Limit Proof?

Favorite Answer

Case1. When x approaches 0 from positive value


x is positive so x^n is positive. And we know -1 ≦ sin(1/x) ≦ 1, so
-(x^n) ≦ x^n*sin(1/x) ≦ x^n.
And when x approaches 0, both of -(x^n) and x^n approach 0.
So x^n*sin(1/x) approaches 0.

Case2. When x approaches 0 from negative value

Case2A. When n is even
x is negative but x^n is positive.
So similar to case1, x^n*sin(1/x) approaches 0.

Case2B. When n is odd
x is negative so x^n is negative.

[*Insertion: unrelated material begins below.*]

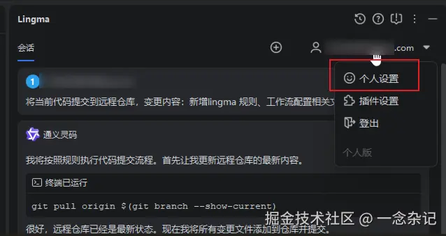 在lingma会话窗口,个人信息处点击,选择"个人设置"选项,点击后会打开一个本地配置的网页。

Therefore, -(x^n) is positive.
And we know -1 ≦ sin(1/x) ≦ 1, so
x^n ≦ x^n*sin(1/x) ≦ -(x^n).
And when x approaches 0, both of x^n and -(x^n) approach 0.
So x^n*sin(1/x) approaches 0.

For all cases, x^n*sin(1/x) approaches 0 when x approaches 0....Show more

First I note that if n > 1, then the values of [x^n * sin(1/x)] in any small neighborhood of x = 0 will be smaller than the values of [x * sin(1/x)] in that same neighborhood.  By a "small" neighborhood I mean one with a diameter  less than 1.

Therefore, it will suffice to prove the proposition for the special case [x * sin(1/x)].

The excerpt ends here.